We defined the data structure for typeScheme
in microCamlTypes.ml:
type typeScheme =
| TNum (int type)
| TBool (bool type)
| TStr (string type)
| T of string (type variable for an unknown type)
| TFun of typeScheme * typeScheme (function type)
More information about type schemes can be found in the lecture slides. As an example, consider a function fun x -> x 1
. Its OCaml type is (int -> 'a) -> 'a
(the higher order function takes a function x
as input and returns the results of applying the function x
to 1).
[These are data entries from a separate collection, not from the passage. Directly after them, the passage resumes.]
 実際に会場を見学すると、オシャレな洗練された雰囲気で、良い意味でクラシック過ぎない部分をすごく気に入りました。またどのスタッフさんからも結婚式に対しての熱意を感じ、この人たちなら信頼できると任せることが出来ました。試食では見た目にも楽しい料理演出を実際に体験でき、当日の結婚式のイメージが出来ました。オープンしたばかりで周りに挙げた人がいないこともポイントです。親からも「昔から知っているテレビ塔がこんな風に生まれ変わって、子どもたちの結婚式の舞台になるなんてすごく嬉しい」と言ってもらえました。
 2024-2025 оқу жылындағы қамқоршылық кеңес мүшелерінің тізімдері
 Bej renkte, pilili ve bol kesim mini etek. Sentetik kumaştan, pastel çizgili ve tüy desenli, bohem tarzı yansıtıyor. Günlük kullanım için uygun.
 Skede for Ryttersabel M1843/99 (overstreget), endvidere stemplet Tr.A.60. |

In our project, this type is written as TFun(TFun(TNum, T "'a"), T "'a")
.
We defined the data structure for an expression annotated with types as aexpr
in microCamlTypes.ml:
type aexpr =
| AInt of int * typeScheme
| ABool of bool * typeScheme
| AString of string * typeScheme
| AID of var * typeScheme
| AFun of var * aexpr * typeScheme
| ANot of aexpr * typeScheme
| ABinop of op * aexpr * aexpr * typeScheme
| AIf of aexpr * aexpr * aexpr * typeScheme
| AFunctionCall of aexpr * aexpr * typeScheme
| ALet of var * bool * aexpr * aexpr * typeScheme
It follows type expr
defined above except that any aexpr
expression must be paired with a type scheme which holds the type information of the expression. For example, 5
should be annotated as AInt (5, TNum)
. As another example, consider the anonymous function fun x -> x 1
. As we initially have no idea of the type of the function parameter x
, we use a type scheme T "a"
to represent the unknown type of x
. Similarly, we do not know the type of the return of the anonymous function so we use a type scheme T "b"
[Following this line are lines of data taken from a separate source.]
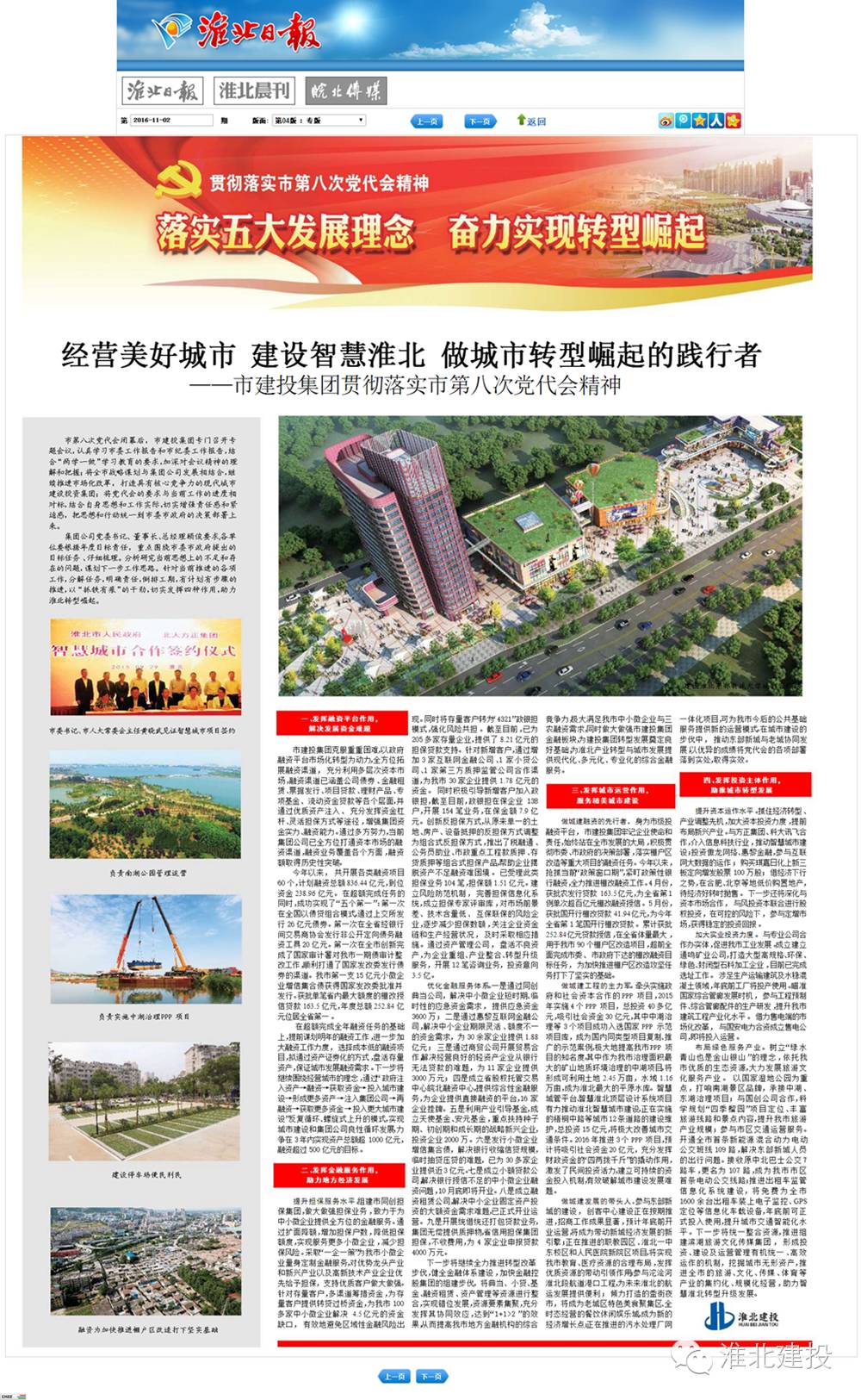 三是發(fā)揮城市運營作用,服務(wù)精美城市建設(shè)。始終站在全市發(fā)展的大局,貫徹市委、市政府的決策部署,落實棚戶區(qū)改造等重大項目的融資任務(wù),累計獲批252.84億元貸款授信,在全省體量最大。牽頭實施政府和社會資本合作的PPP項目,中湖治理等3個項目成功入選國家PPP示范項目庫。參與東部新城的建設(shè),建設(shè)大學(xué)城創(chuàng)客驛站,推進職教園區(qū)、淮北一中東校區(qū)和人民醫(yī)院新院區(qū)項目,傾力打造老城區(qū)盉街夜市餐飲休閑娛樂城,推動?xùn)|部新城與老城協(xié)同發(fā)展,以優(yōu)異的成績將黨代會的各項部署落到實處,取得實效。
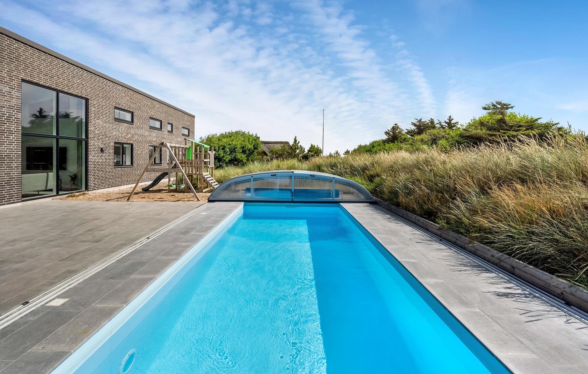 Großzügiges Ferienhaus in Søndervig mit Pool, Sauna und vielfältigen Freizeitmöglichkeiten für gesellige Gruppen.
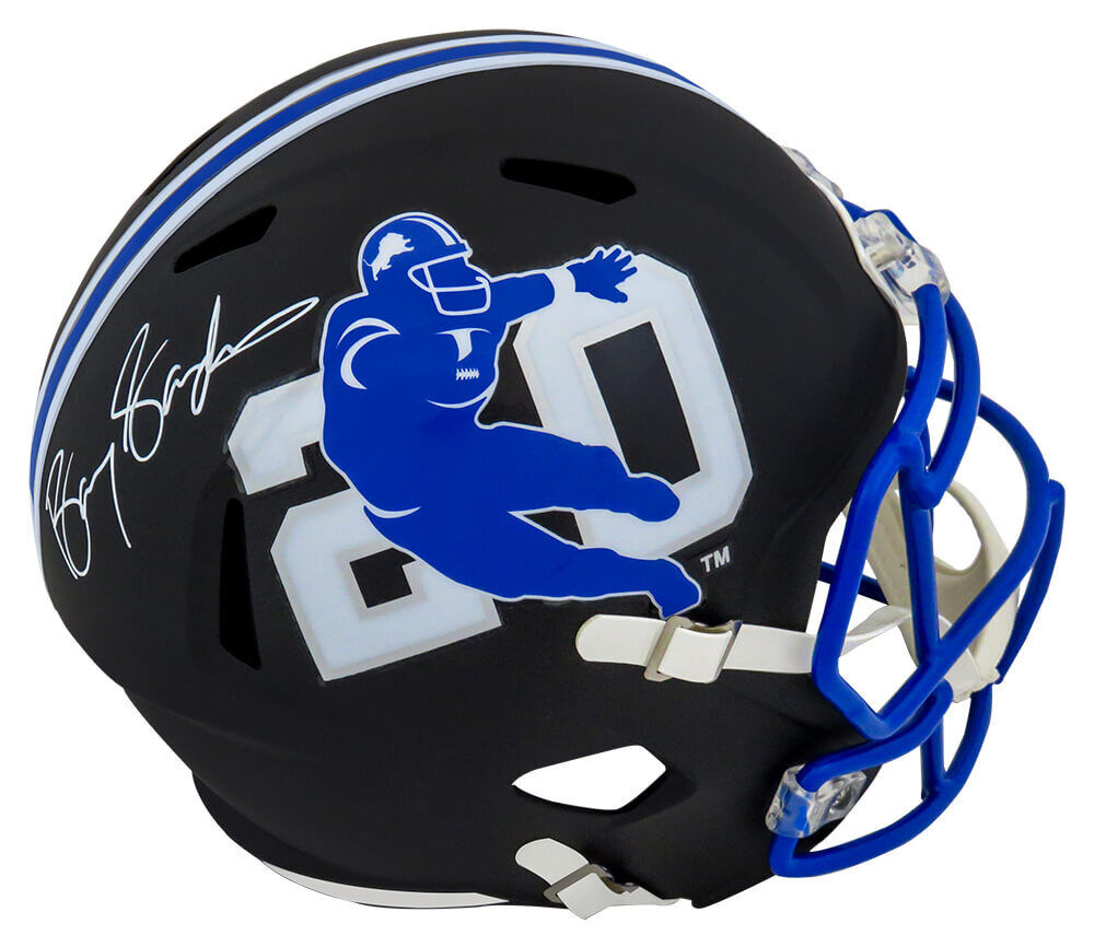 Barry Sanders signed Detroit Lions Barry Sanders logo black Riddell full size speed replica helmet. Item comes with a Schwartz Sports Memorabilia tamper-proof numbered hologram which can be verified online.
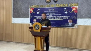 Muara Enim — Dalam rangka memperingati Hari Raya Natal Tahun 2025, Lembaga Pemasyarakatan Kelas IIB Muara Enim melaksanakan kegiatan penyerahan Remisi Khusus bagi Narapidana serta Pengurangan Masa Pidana Khusus bagi Anak Binaan, Kamis (25/12).
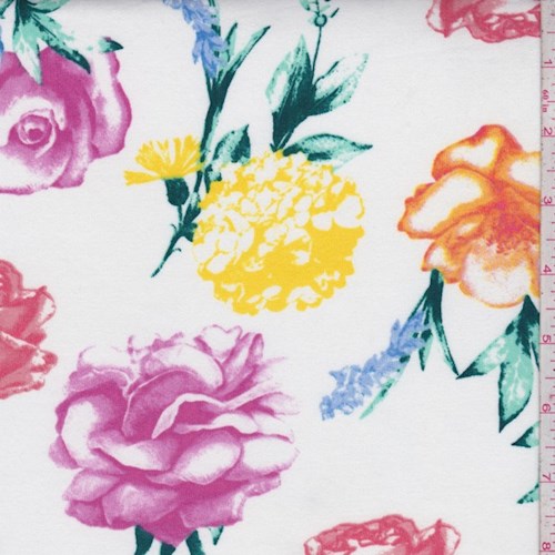 White Multi Large Floral Double Brushed Jersey Knit Fabric

to represent this unknown type. Observe that x
is applied to 1
in the body of the anonymous function. As we have no knowledge about the return type of the function x
, we once again annotate x 1
a type scheme T "c"
. Thus, the annotated expression is:
(fun x -> ((x: a) (1: int)): c): (a -> b)
or in OCaml code:
AFun("x", AFunctionCall(AID("x", T "a"), AInt(1, TNum), T "c"), TFun(T "a", T "b"))
It is important to note that the annotation is recursive as every subexpression is also annotated in the above example.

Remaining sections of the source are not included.